How can I fill this array with random values, which will be 100 when added together?

int values[4];

LuMa
  • 1,673
  • 3
  • 19
  • 41

6 Answers6

5

You need to write your code to emulate what you are simulating.

So if you have four choices, generate a sample size of random number (0..1 * 4) and then sum all the 0's, 1's, 2's, and 3's (remember 4 won't be picked). Then divide the counts by the sample size.

for (each sample) {
   poll = random(choices);
   survey[poll] += 1;
}

It's easy to use a computer to simulate things, simple simulations are very fast.

Keep in mind that you are working with integers, and integers don't divide nicely without converting them to floats or doubles.

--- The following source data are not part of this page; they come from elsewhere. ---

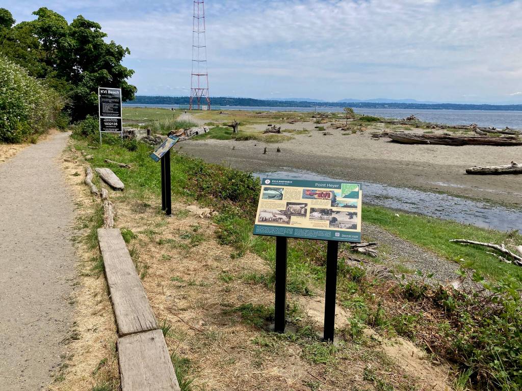 The one-mile trail begins at the Tramp Harbor waterfront parking area near Ellisport Creek, and winds through the neighborhood and the entrance to KVI beach. It reflects Ellisport’s community spirit, rich history and natural ecosystem’s protections with informative signs depicting pictorial views and stories of the past — allowing one to imagine the past while reinforcing the importance of our relationship with this place and with the environment in general.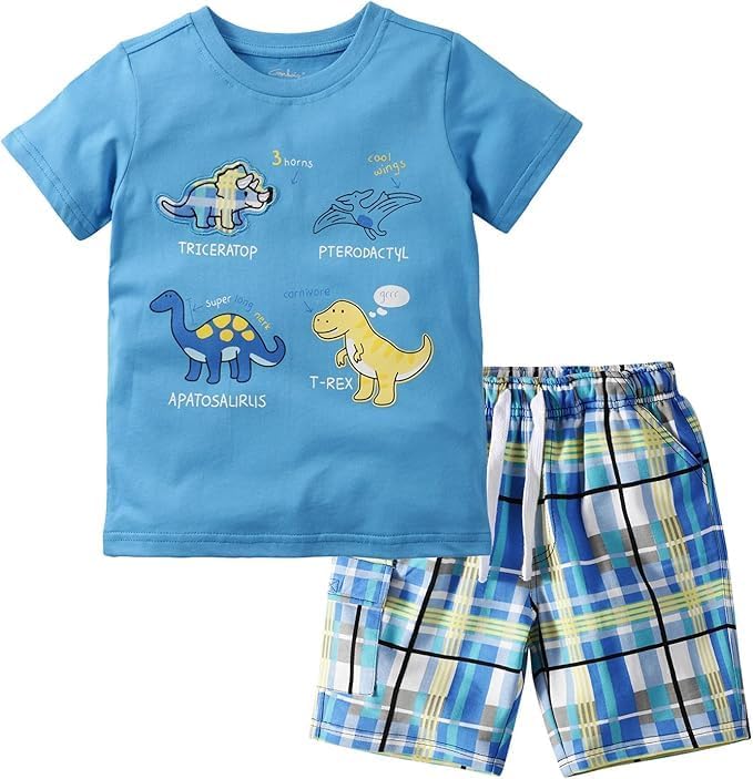 【مواد مريحة】مجموعة الملابس الصيفية للأولاد لدينا مصنوعة من نسيج عالي الجودة مسامي، مع لمسة ناعمة وصديقة للبشرة. القماش خفيف الوزن ومناسب للارتداء في الصيف.
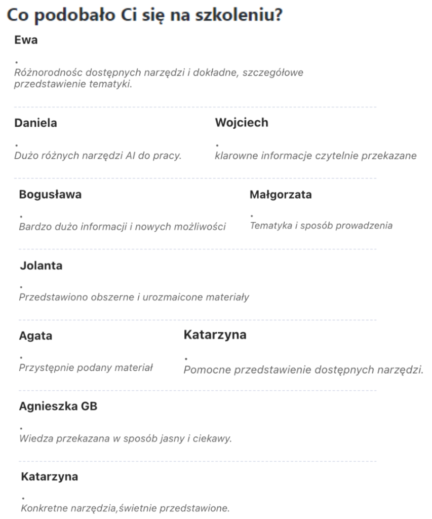 - Szkolenie tłumaczy krok po kroku narzędzia AI, z prostymi instrukcjami.

If you are missing a few percentage points, odds are it has to do with your integers dividing with remainders.

Edwin Buck
  • 69,361
  • 7
  • 100
  • 138
  • 1
    This is the easiest provably unbiased solution; unless performance is an issue this the one that makes the most sense. In C, this would be more like `for (int i = 0; i < 100; i++) { values[rand() % 4]++; }` – user295691 Jan 26 '16 at 20:46
  • Wow exactly what I searched for. Actually quite simple :) – LuMa Jan 26 '16 at 21:37
  • "unbiased" here is relative. This algorithm will produce a random sample of an equally distributed population. However, few populations are equally distributed. A distribution of, say, 40-30-15-15 is a reasonably likely polling result in the real world, but the probability of generating a partition of size 40 with this method is so vanishingly small as to be essentially unobservable. – rici Jan 26 '16 at 22:26
  • @rici True, and to simulate such a sampling, you need a distribution of the results. In such a case, you then determine "cut offs" of a distribution area by the sum of it and the areas already processed, then you pick a random number between it and the population's limit. But, if you had the distribution, then you wouldn't need to simulate the sampling to get the distribution. In this case, I think it is more of an "exercise" than a real world problem being solved. – Edwin Buck Jan 26 '16 at 22:54
  • @EdwinBuck: You might want to do the sampling anyway if you were trying to illustrate sampling theory. A classic Monte Carlo experiment is estimating confidence limits for distribution of parliamentary seats in a proportional system like d'Hondt, given polling results as a proxy for the true voting distribution. It's straight-forward to compute the confidence range for the raw sample numbers, but an analytic solution for the final seat distribution is difficult because of the discontinuities, and the experiment will rapidly produce the probabilities within the envelope. – rici Jan 26 '16 at 23:31
  • ... but there is also the problem of generating test cases for an application which does some sort of presentation or analysis of the partition; for that use case, you might want an unbiased sample of partitions from the universe of possible partitions. – rici Jan 26 '16 at 23:32
  • Since the code posted is not C as the post is tagged, recommend identifying as so as not to confuse C learners. Better yet, incorporate [@user295691 comment](http://stackoverflow.com/questions/35022824/generating-random-poll-numbers/35023096#comment57773681_35023008) – chux - Reinstate Monica Jan 27 '16 at 18:06
2

What you have here is a problem of partitioning the number 100 into 4 random integers. This is called partitioning in number theory.
This problem has been addressed here. The solution presented there does essentially the following:
If computes, how many partitions of an integer n there are in O(n^2) time. This produces a table of size O(n^2) which can then be used to generate the kth partition of n, for any integer k, in O(n) time.
In your case, n = 100, and k = 4.

Reinhard Männer
  • 14,022
  • 5
  • 54
  • 116
1

Generate x1 in range <0..1>, subtract it from 1, then generate x2 in range <0..1-x1> and so on. Last value should not be randomed, but in your case equal 1-x1-x2-x3.

jakubkrol
  • 65
  • 1
  • 9
1

I don't think this is a whole lot prettier than what it sounds like you've already done, but it does work. (The only advantage is it's scalable if you want more than 4 elements).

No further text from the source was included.